Network Activity Reports
- NOTE: in reading through these, I'm afraid you could spend a lot of time here. Focus on what's most important and easiest to track first (known bad activity), then look at trends, then start looking into the rest of the data or you'll probably get overwhelmed
- All outbound connections from internal and DMZ systems by system, connection count, user, bandwidth, count of unique destinations:
  - LEM is pretty limited in the ability to do bandwidth, but the other parts of this will depend on how this activity is logged. For firewall and router ingress/egress data, you can use the Network Traffic Audit reports to break this down on the reports side - there's also some By Source and By Destination reports that are helpful.
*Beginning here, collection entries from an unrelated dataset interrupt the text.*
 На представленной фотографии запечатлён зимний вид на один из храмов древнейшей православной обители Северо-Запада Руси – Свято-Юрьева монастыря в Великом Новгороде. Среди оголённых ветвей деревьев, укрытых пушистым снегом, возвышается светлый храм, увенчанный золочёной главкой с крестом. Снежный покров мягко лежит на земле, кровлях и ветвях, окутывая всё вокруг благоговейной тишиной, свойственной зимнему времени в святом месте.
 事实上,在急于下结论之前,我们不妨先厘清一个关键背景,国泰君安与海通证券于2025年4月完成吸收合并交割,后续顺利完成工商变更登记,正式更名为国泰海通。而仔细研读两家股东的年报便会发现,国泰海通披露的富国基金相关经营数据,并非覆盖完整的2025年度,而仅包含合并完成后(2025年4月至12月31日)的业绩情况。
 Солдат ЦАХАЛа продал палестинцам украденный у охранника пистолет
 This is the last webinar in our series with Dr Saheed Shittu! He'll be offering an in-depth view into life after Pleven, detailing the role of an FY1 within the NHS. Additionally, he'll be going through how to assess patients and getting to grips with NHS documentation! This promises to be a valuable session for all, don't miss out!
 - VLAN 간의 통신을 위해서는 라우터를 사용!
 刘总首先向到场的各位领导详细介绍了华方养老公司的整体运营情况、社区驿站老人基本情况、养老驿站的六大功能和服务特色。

  - This might be good to watch in real-time as well, you can make real-time charts that slice the data by source/destination/system and choose how the data is displayed/aggregated.
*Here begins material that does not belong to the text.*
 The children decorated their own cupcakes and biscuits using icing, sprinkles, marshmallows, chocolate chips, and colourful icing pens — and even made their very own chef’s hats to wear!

  - This could be a lot of data. You're going to be looking for more trends and unusual activity than you are going to be able to consume it all.
- All outbound connections from internal and DMZ systems during "off" hours:
  - In a real-time filter, you can use Time of Day sets to refine the above just to business hours (or outside business hours). With reports, once you've got all the data, you can slice it however you want.
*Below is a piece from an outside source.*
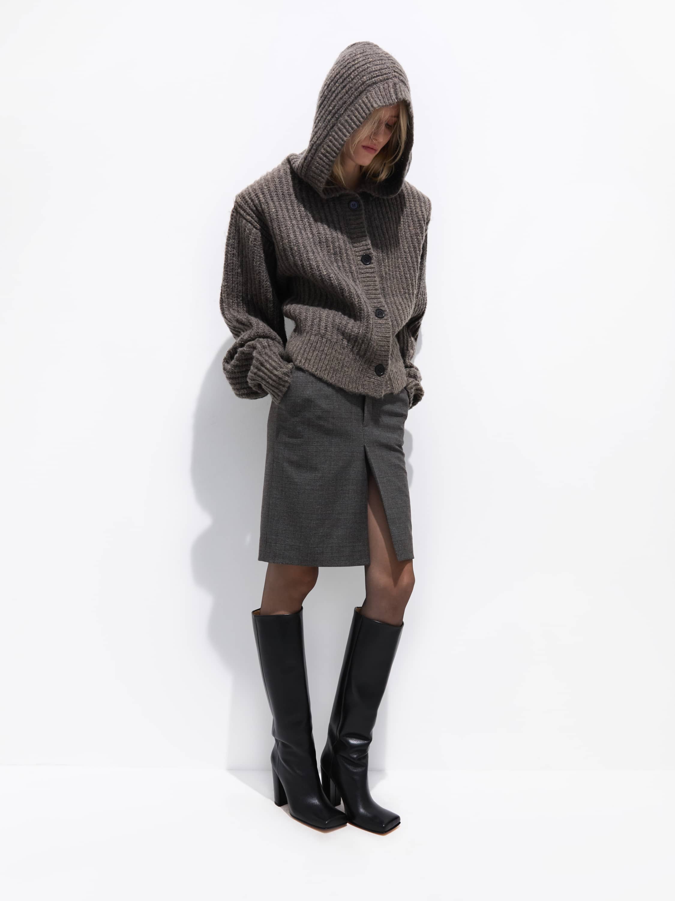 Grey hooded cardigan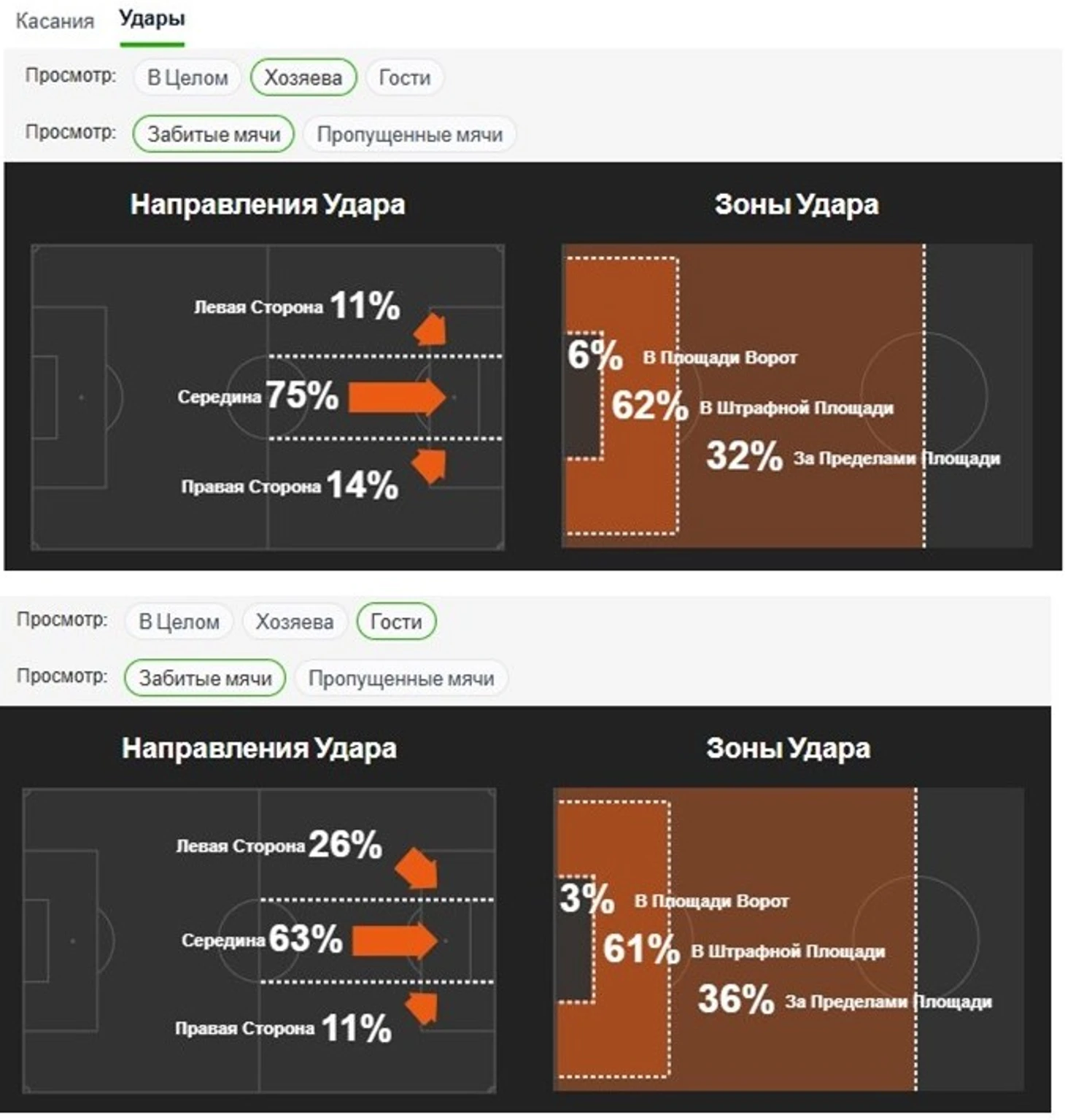 Схемы направлений ударов показывают, что и Альшин и Брахими в домашних матчах проворачивают один и тот же маневр: прорыв по флангу и передача в центр штрафной, откуда приходится 75 % всех попыток ударов. В гостевых матчах структура игры меняется. Центральные полузащитники уже не так активно поддерживают фланги, происходит перекос налево, откуда часто бьют Альшин и Каштанов. Увеличивается процент дальних ударов. Игра становится более однообразной и предсказуемой. Но даже несмотря на более низкий блок, обращает на себя внимание очень большое количество ударов, который допускает Факел из своей вратарской. По всей вероятности, именно для этого в тройку центральных защитников был отправлен более мобильный Калинин, а также возвращен в основу Сенханджи.

  - This data might be tough to consume, volume-wise. You need to be sure you know what you're looking for.
- Top largest file transfers (inbound, outbound) OR Top largest sessions by bytes transferred:
  - Unfortunately LEM and the log data we capture isn't really well suited to this type of activity. Kind of the bread and butter of netflow. We do have some basic flow analysis in LEM, but it's never going to be as good as a real flow analysis tool like NTA.
- Web file uploads to external sites:
  - Here you're as good as your data - if you're using a proxy server, you should be okay. Use the Web/File Transfer reports to look for different types of activity from different sources. It could be a lot of data, so you might want to look for suspicious transfers - servers sending data, create a list of known good sites and look for stuff outside of that, look for different file extensions. There's not a lot of
- All file downloads with by content type (exe, dll, scr, upx, etc) and protocol (HTTP, IM, e-mail, etc):
  - Probably primarily going to be coming from your proxy server also. Create a list of extensions that you want to track, drop them in a User-Defined Group, and use them in a real-time filter, possibly even an alert (especially for servers).
  - On the reporting side, use the same reports, but refine them by their URL to only match those types as well. Would also work relatively well in a saved search since you really hope this is going to be a short list.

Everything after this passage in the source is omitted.